■ AVAILABLE DATA
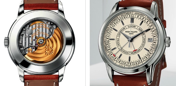 D’obbligo partire con le due novità maggiori, anche se altri modelli sono tra i nostri preferiti; per esempio ci siamo innamorati della Ref.5078, una Ripetizione minuti con movimento automatico, vista di sfuggita, dal magnifico quadrante in smalto decorato ad arabeschi neri su fondo scuro, ma la foto non era al momento disponibile. Nel mondo del lavoro conoscere il numero della settimana è importante per programmare ordini e consegne, questa indicazione che mancava, è stata inserita nella Ref.5212, unico Calatrava in acciaio prodotto attualmente; il movimento automatico Calibro 26-330, visibile dal fondello in vetro zaffiro, è stato migliorato nelle prestazioni di base. Sul quadrante una lancetta a martello con la punta rossa indica il giorno, mentre un’altra mostra il numero della settimana in corso e il mese; la data è a ore 3.
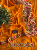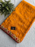 cut work embroidery vichitra silk saree with rich pallu comes with blouse pc
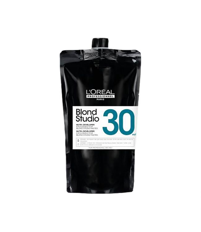 L'Oréal Professionel Blond Studio Nutri ontwikkelaar 9% (30 vol) 1000ml is een ontwikkelaar speciaal voor de Blond Studio Platinum pasta's. De ontwikkelaar zorgt voor een soepel, romig mengsel zodat het haar optimaal kan kleuren. Deze L'Oréal ontwikkelaar heeft een percentage van 9% of ook genoemd 30 VOL. en is specifiek gemaakt om optimaal te werken met alle L'Oréal haarverf. De formule is verrijkt met essentiële ingrediënten zoals polymeren, die de haarvezel voeden en verzorgen. Daarnaast geeft L'Oréal Professionel Blond Studio Nutri ontwikkelaar het haar een lipidencoating, zodat het lipidenhalte in het haar hetzelfde blijft tijdens het verven en het haar op en top verzorgt is. Verder is deze ontwikkelaar verkrijgbaar in 2 andere soorten.
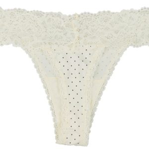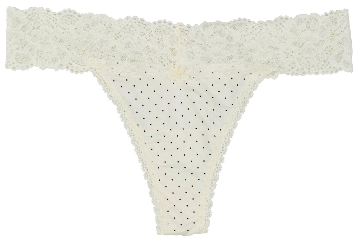 These Maidenform Luxurious Lace Thong Panties feature an elastic waistband and front fabric panel for a smooth, no panty-lines look. Fabrication 86% nylon, 14% spandex, and a 100% cotton lining. DMESLT
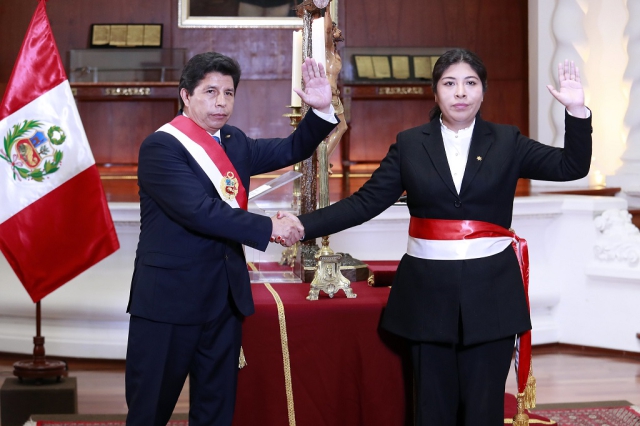 ERP. Después de la crisis de gabinete consecuencia del rehusamiento de la "Cuestión de confianza" por parte del Congreso de la República, la abogada y parlamentaria Betssy Betsabé Chávez Chino fue nominada como nueva presidenta del Consejo de Ministros, en reemplazo del Dr. Aníbal Torres Vásquez. La ceremonia de juramentación estuvo a cargo del mandatario Pedro Castillo Terrones.
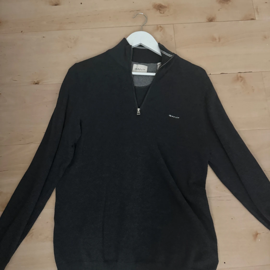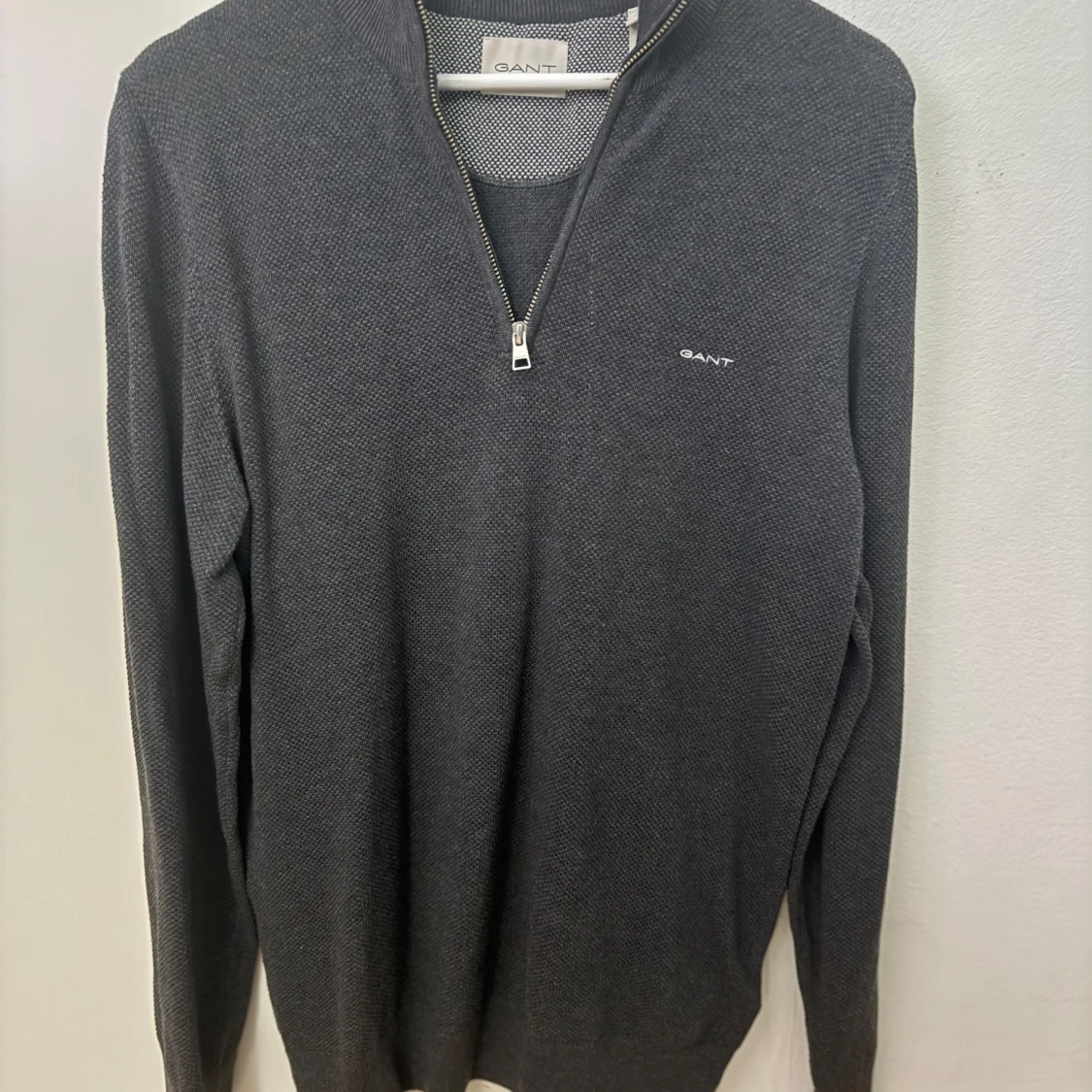 Snygg mörkgrå långärmad tröja från GANT med half zip och liten broderad logga på bröstet. Tröjan har en klassisk passform och är tillverkad i ett mjukt stickat material som känns skönt mot huden. Perfekt för lager-på-lager och stilren look.

■ TASK TO COMPLETE
Going by the data above, give back only the lines from the one containing "L'Oréal Professionel Blond Studio Nutri ontwikkelaar 9%" through the one containing "ERP. Después de", exactly as they stand, both ends included and no images.

■ RESULT BELOW
 L'Oréal Professionel Blond Studio Nutri ontwikkelaar 9% (30 vol) 1000ml is een ontwikkelaar speciaal voor de Blond Studio Platinum pasta's. De ontwikkelaar zorgt voor een soepel, romig mengsel zodat het haar optimaal kan kleuren. Deze L'Oréal ontwikkelaar heeft een percentage van 9% of ook genoemd 30 VOL. en is specifiek gemaakt om optimaal te werken met alle L'Oréal haarverf. De formule is verrijkt met essentiële ingrediënten zoals polymeren, die de haarvezel voeden en verzorgen. Daarnaast geeft L'Oréal Professionel Blond Studio Nutri ontwikkelaar het haar een lipidencoating, zodat het lipidenhalte in het haar hetzelfde blijft tijdens het verven en het haar op en top verzorgt is. Verder is deze ontwikkelaar verkrijgbaar in 2 andere soorten.
 These Maidenform Luxurious Lace Thong Panties feature an elastic waistband and front fabric panel for a smooth, no panty-lines look. Fabrication 86% nylon, 14% spandex, and a 100% cotton lining. DMESLT
 ERP. Después de la crisis de gabinete consecuencia del rehusamiento de la "Cuestión de confianza" por parte del Congreso de la República, la abogada y parlamentaria Betssy Betsabé Chávez Chino fue nominada como nueva presidenta del Consejo de Ministros, en reemplazo del Dr. Aníbal Torres Vásquez. La ceremonia de juramentación estuvo a cargo del mandatario Pedro Castillo Terrones.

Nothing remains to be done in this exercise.